**Problem to work on:** Return each entry word for word and skip its pictures.

**Record set:**
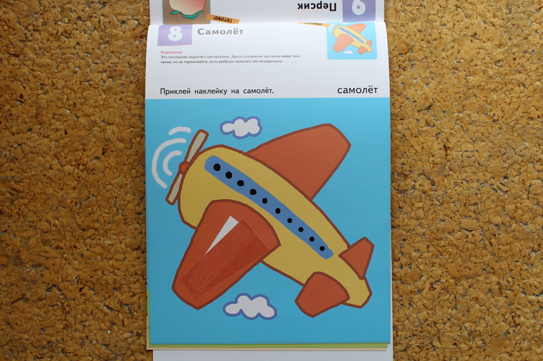 Заданий с наклейками немного. Переходим к собственно аппликации. Мама вырезает - ребенок мажет клеем и клеит. Сначала идут задания на заклеивание области, но обратите внимание - не всё так просто. Наклеиваемые части имеют неодрододный покрас, то есть еще и нужно правильно приложить деталь к фону.
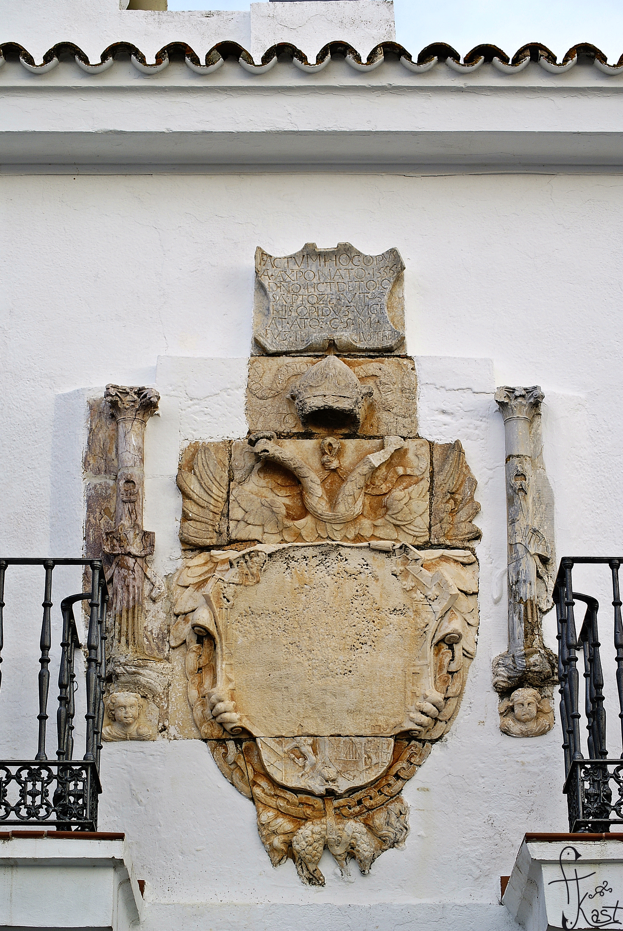 En el escudo que hay en la fachada del Ayuntamiento encontramos escrito en latín: “Se hizo esta obra en año del nacimiento de Cristo de 1555, siendo gobernador el licenciado de Tolosa, para que con ellas progrese esta villa y le dé esplendor, la Sacra Católica Real Majestad”. Su escudo rematado por la corona imperial está orlado por una inscripción apenas legible. Borrados sus cuarteles por disposición de las Cortes de Cádiz, sobre él se grabó un texto que dice “Plaza de la Constitución Año 181...”, nombre que mantuvo la plaza hasta bien entrado el s.XX.
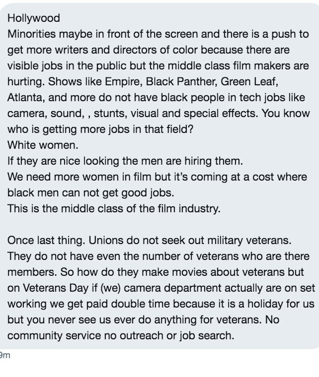 Меньшинств много на переднем плане и есть давление, чтобы было больше цветных (POC - people of color) сценаристов и режиссеров, потому что это публичные работы и таких людей видно, но в "среднем классе" людей, причастных к кино, все обстоит иначе. В таких шоу как Империя, Черная Пантера, Гринлиф, Атланта (прим. - все это сериалы, где среди создателей негры) нет ни одного негра на технических работах таких как камера, звук, каскадерские трюки, визуальные эффекты и спецэффекты. А знаете, кто получает большинство работ в этой сфере?
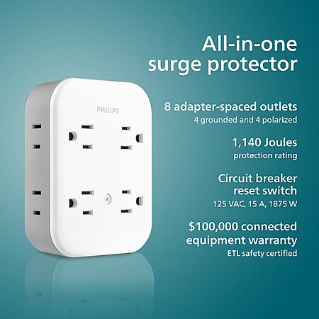 Amazon.com has Philips All-in-One Surge Tap, 4 Grounded & 4 Polarized Outlets, 1140 Joules, Adapter-Spaced Design, ETL Certified, White/Gray, SPP3993W/37 on sale for $9.99.
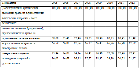 За 2005-2011г. число кредитных организаций уменьшилось на 321 единицу. Поменялась структура кредитных организаций по выданным лицензиям с 2005 по 2011г.: с 89,68% до 81,49% уменьшилось число кредитных организаций, имеющих лицензии на привлечение вкладов населения; с 64,59% до 67,59% увеличилось число кредитных учреждений, имеющих лицензии на осуществление операций в иностранной валюте; увеличилось с 23,94% до 27,91% число кредитных учреждений, имеющих генеральные лицензии, а также увеличилось число кредитных учреждений, имеющих лицензии на проведение операций с драгметаллами- с 14,01% до 21,17%.
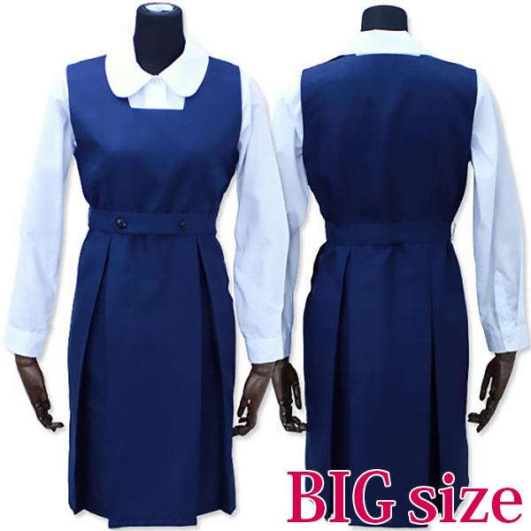 憧れの超名門女子校の制服にBIGサイズが新登場♪シンプルながら洗練されたデザインでお嬢様度が高く、ウエストのベルトが特徴的!セット内容は前ボタン式のブラウスにジャンバースカート、ベルトと充実♪学園祭の催し物などにもおすすめのコスプレ衣装です。
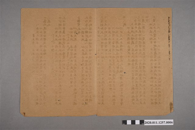 本件為建築材料筆記紙,由臺南新化柯瑞吉家族捐贈,頁面有些許摺痕,原夾藏於捐贈人柯瑞吉就讀臺灣省立臺南工業職業學校建築科課程筆記簿內,內容主要介紹石灰水泥與膠泥的成分和製作方式。
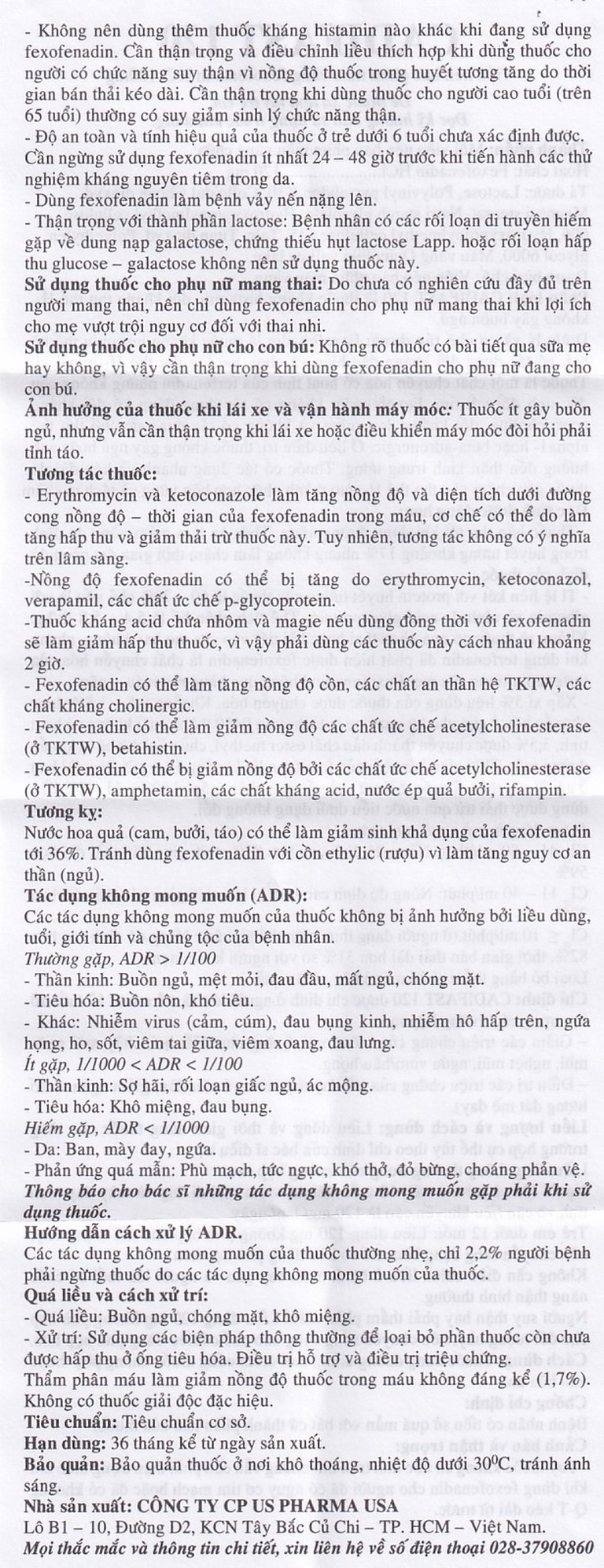 Độ an toàn và tính hiệu quả của thuốc ở trẻ dưới 6 tuổi chưa xác định được. Cần ngừng sử dụng Fexofenadin ít nhất 24 – 48 giờ trước khi tiến hành các thử nghiệm kháng nguyên tiêm trong da.
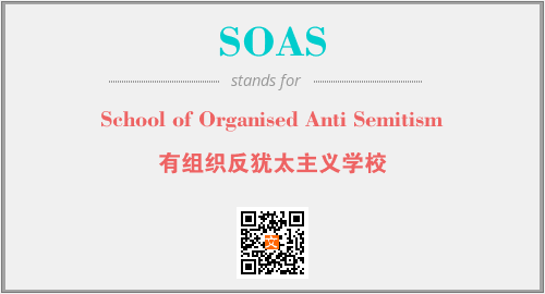 英文缩略词“SOAS”经常作为“School of Organised Anti Semitism”的英文缩写来使用,中文表示:“有组织反犹太主义学校”。本文将详细介绍英文缩写词SOAS所代表英文单词,其对应的中文拼音、详细解释以及在英语中的流行度。此外,还有关于缩略词SOAS的分类、应用领域及相关应用示例等。

**Result:**
 Заданий с наклейками немного. Переходим к собственно аппликации. Мама вырезает - ребенок мажет клеем и клеит. Сначала идут задания на заклеивание области, но обратите внимание - не всё так просто. Наклеиваемые части имеют неодрододный покрас, то есть еще и нужно правильно приложить деталь к фону.
 En el escudo que hay en la fachada del Ayuntamiento encontramos escrito en latín: “Se hizo esta obra en año del nacimiento de Cristo de 1555, siendo gobernador el licenciado de Tolosa, para que con ellas progrese esta villa y le dé esplendor, la Sacra Católica Real Majestad”. Su escudo rematado por la corona imperial está orlado por una inscripción apenas legible. Borrados sus cuarteles por disposición de las Cortes de Cádiz, sobre él se grabó un texto que dice “Plaza de la Constitución Año 181...”, nombre que mantuvo la plaza hasta bien entrado el s.XX.
 Меньшинств много на переднем плане и есть давление, чтобы было больше цветных (POC - people of color) сценаристов и режиссеров, потому что это публичные работы и таких людей видно, но в "среднем классе" людей, причастных к кино, все обстоит иначе. В таких шоу как Империя, Черная Пантера, Гринлиф, Атланта (прим. - все это сериалы, где среди создателей негры) нет ни одного негра на технических работах таких как камера, звук, каскадерские трюки, визуальные эффекты и спецэффекты. А знаете, кто получает большинство работ в этой сфере?
 Amazon.com has Philips All-in-One Surge Tap, 4 Grounded & 4 Polarized Outlets, 1140 Joules, Adapter-Spaced Design, ETL Certified, White/Gray, SPP3993W/37 on sale for $9.99.
 За 2005-2011г. число кредитных организаций уменьшилось на 321 единицу. Поменялась структура кредитных организаций по выданным лицензиям с 2005 по 2011г.: с 89,68% до 81,49% уменьшилось число кредитных организаций, имеющих лицензии на привлечение вкладов населения; с 64,59% до 67,59% увеличилось число кредитных учреждений, имеющих лицензии на осуществление операций в иностранной валюте; увеличилось с 23,94% до 27,91% число кредитных учреждений, имеющих генеральные лицензии, а также увеличилось число кредитных учреждений, имеющих лицензии на проведение операций с драгметаллами- с 14,01% до 21,17%.
 憧れの超名門女子校の制服にBIGサイズが新登場♪シンプルながら洗練されたデザインでお嬢様度が高く、ウエストのベルトが特徴的!セット内容は前ボタン式のブラウスにジャンバースカート、ベルトと充実♪学園祭の催し物などにもおすすめのコスプレ衣装です。
 本件為建築材料筆記紙,由臺南新化柯瑞吉家族捐贈,頁面有些許摺痕,原夾藏於捐贈人柯瑞吉就讀臺灣省立臺南工業職業學校建築科課程筆記簿內,內容主要介紹石灰水泥與膠泥的成分和製作方式。
 Độ an toàn và tính hiệu quả của thuốc ở trẻ dưới 6 tuổi chưa xác định được. Cần ngừng sử dụng Fexofenadin ít nhất 24 – 48 giờ trước khi tiến hành các thử nghiệm kháng nguyên tiêm trong da.
 英文缩略词“SOAS”经常作为“School of Organised Anti Semitism”的英文缩写来使用,中文表示:“有组织反犹太主义学校”。本文将详细介绍英文缩写词SOAS所代表英文单词,其对应的中文拼音、详细解释以及在英语中的流行度。此外,还有关于缩略词SOAS的分类、应用领域及相关应用示例等。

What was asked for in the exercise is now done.